The geometric median of a finite set $S$ of points in the Euclidean plane is defined as the point $m$ for which $\sum_{s\in S} d(m,s)$ is minimized, where $d(x,y)$ is the Euclidean distance between $x$ and $y$. As long as $S$ is not colinear, the geometric median is unique.

My question is this; if you replace a point $s\in S$ with some $s'$ for which $d(s,s')<\epsilon$, will the geometric median of the new set be at most $\epsilon$ away from the geometric median of the original?

The reason I want to know is that I could use this result in order to solve the puzzle here: Algorithm for people to congregate with limited relative location information.

I have verified this is true when $|S|=3$ and $|S|=4$, where the geometric median can be described explicitly. For example, when $S$ is the set of vertices of a convex quadrilateral, it can be shown the median of $S$ is the intersection of the diagonals. This intersection moves by less than $\epsilon$ when any vertex moves by $\epsilon$.

Answer 1

False. Let $S = \{(-2,0),(-1,1/4),(1,0),(2,0)\}$. Then $m = (1,0)$ (via mathematica, or by showing $(1,0)$ is a local minimum by analyzing small perturbations). Let $s = (1,0)$ and $s' = (1,1/4)$. Now, by symmetry and uniqueness of median, the new median, $m'$, has $x$-coordinate $0$. So $|m-m'| \ge 1$.

Answer 2

Yes, this statement must be true, and probably under looser conditions than you grant. Suppose we generalize to a unique median position $m_\alpha$ which minimizes the sum of the distances when the distances from $m_\alpha$ to all of the $s$ that are not moving are weighted by $\alpha$ in the sum. Then, $m_1 = m$. Moreover, $m_0$ is clearly just equal to the value of the moving $s$. That means that for $\alpha=0$ the distance this reweighted median travels is just the distance the moving point travels, $d(s,s')$. Because our result should be path independent, we choose the geodesic path from $s$ to $s'$.

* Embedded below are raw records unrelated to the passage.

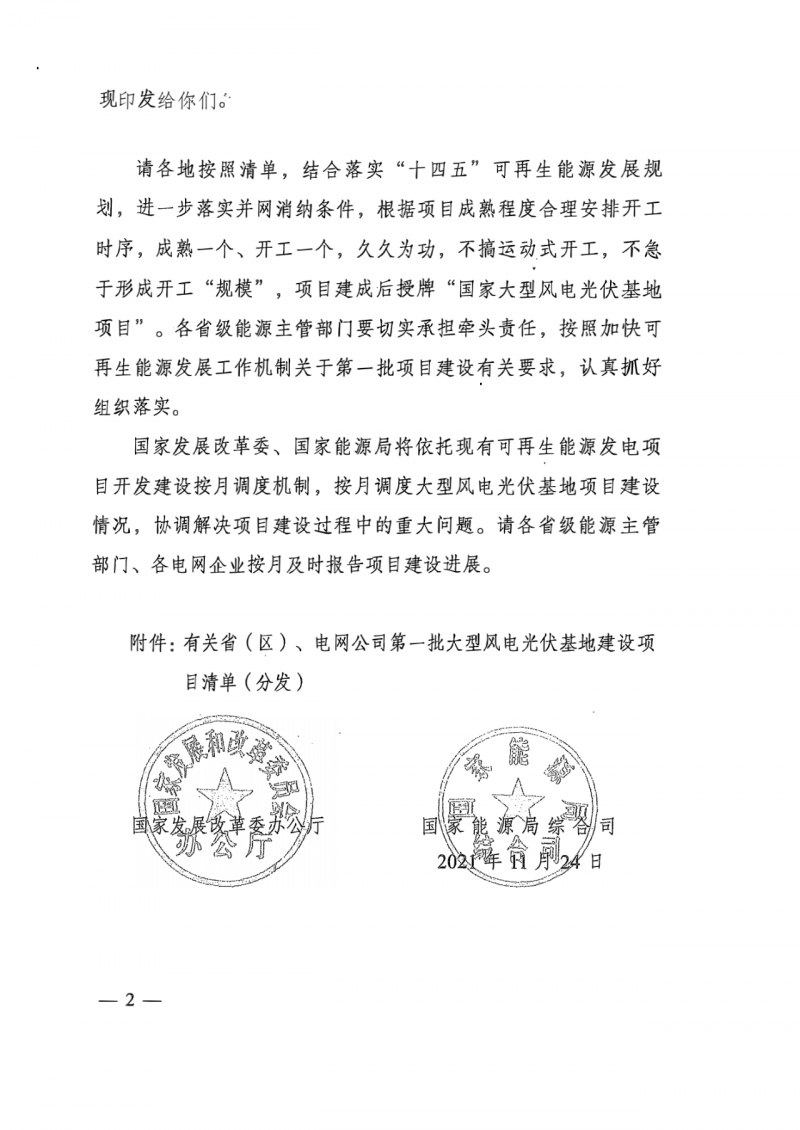 根據(jù)文件,請各地按照清單,結(jié)合落實(shí)“十四五”可再生能源發(fā)展規(guī)劃,進(jìn)一步落實(shí)并網(wǎng)消納條件,根據(jù)項(xiàng)目成熟程度合理安排開工時序,成熟一個、開工一個,久久為功,不搞運(yùn)動式開工,不急于形成開工“規(guī)模”,項(xiàng)目建成后授牌“國家大型風(fēng)電光伏基地項(xiàng)目”。各省級能源主管部門要切實(shí)承擔(dān)牽頭責(zé)任,按照加快可再生能源發(fā)展工作機(jī)制關(guān)于第一批項(xiàng)目建設(shè)有關(guān)要求,認(rèn)真抓好組織落實(shí)。
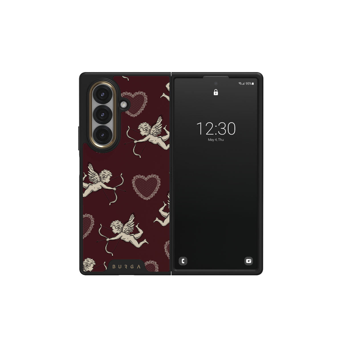 This Samsung Galaxy Z Fold 7 phone case design captures the dizzy rush of falling in love—the playful flutter of Cupids and the steady beat of crimson hearts. Lovestruck is a celebration of passion’s first spark, that wild, uncontainable energy that makes your heart race and your soul sing.
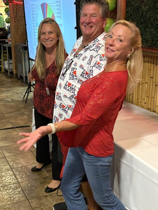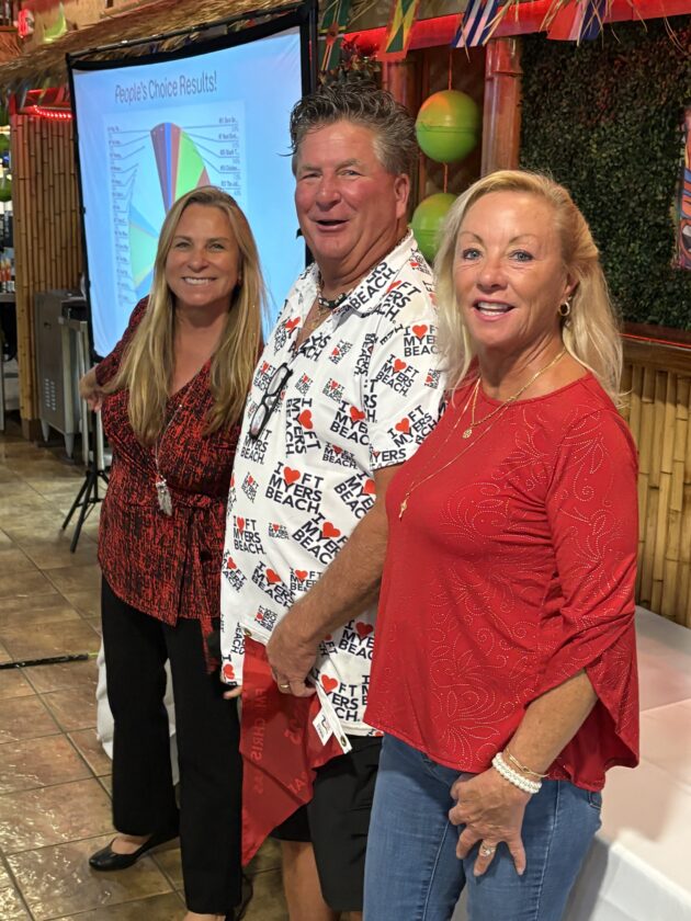 The Davidsons are still working on the rebuild of their home, which still has an iconic “I love (in the shape of a heart) Fort Myers Beach” sign on it. The Davidsons have even made their own stickers with the phrase that they passed around at the awards ceremony at Marina Cantina Waterfront Tin Tiki at Salty Sam’s Marina, where the parade took off a week earlier.
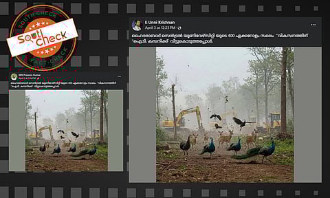 ഹൈദരാബാദ് കേന്ദ്ര സര്വകലാശാലയ്ക്ക് സമീപത്തെ ഗച്ചിബൗളി മേഖലയിലെ ഭൂമിയില് അവകാശമുന്നയിച്ച തെലങ്കാന സര്ക്കാര് പ്രസ്തുത സ്ഥലം ഐടി അടിസ്ഥാനസൗകര്യ വികസനത്തിനായി ഉപയോഗിക്കാനൊരുങ്ങുകയാണ്. ഇതിന്റെ ഭാഗമായി സ്ഥലത്തെ മരങ്ങള് മുറിക്കുന്നതിനെതിരെ സര്വകലാശാലയിലെ വിദ്യാര്ത്ഥികളും പരിസ്ഥിതിപ്രവര്ത്തകരും രാഷ്ട്രീയ പാര്ട്ടികളും രംഗത്തെത്തിയിരുന്നു. ഈ പശ്ചാത്തലത്തിലാണ് പ്രസ്തുത മേഖലയില് മരം മുറിക്കുന്ന സമയത്തെ ദൃശ്യങ്ങളെന്ന തരത്തില് ഒരു ചിത്രം സമൂഹമാധ്യമങ്ങളില് പ്രചരിക്കുന്നത്. ജെസിബി ഉപയോഗിച്ച് മരങ്ങള് മുറിയ്ക്കുന്നതിനിടെ മയിലും മാനും മറ്റുചില പക്ഷികളുമെല്ലാം അവിടെനിന്ന് രക്ഷപ്പെടുന്ന ചിത്രമെന്ന തരത്തിലാണ് പ്രചാരണം.

Now suppose we calculate how fast $m_\alpha$ is changing as we increase $\alpha$. Intuitively, this extra function dilutes the effect of the one moving point $s$ so it can only decrease the distance the weighted median travels. This is true at every point in the trajectory of $s$ and for every $0 \le \alpha \le 1$ so the total distance the median travels keeps decreasing as $\alpha$ increases. Thus, we conclude that the total distance must be strictly less than $d(s,s')$.

For a more explicit demonstration of this "intuitive" property, consider a coordinate $x_\alpha$ that is the unique minimum of

$$f(x,\beta)+\alpha g(x)$$

so that

$$\partial_x f + \alpha \partial_x g = 0$$.

This above expression is evaluated at some $x_\alpha(\beta)$ so now let's differentiate both sides with respect to $\beta$, yielding:

$$(\partial_x^2 f +\alpha \partial_x^2 g) (\partial x/\partial \beta) + \partial_x \partial_\beta f = 0$$.

Here, then, the fact that $x_\alpha(\beta)$ is a unique minimum means that both terms in the initial parentheses must be positive. Hence, increasing $\alpha$ must decrease $\partial x/\partial \beta$ and we conclude that the total distance traveled, $\int d \beta (\partial x/\partial \beta)$ must also diminish at $\alpha$ increases.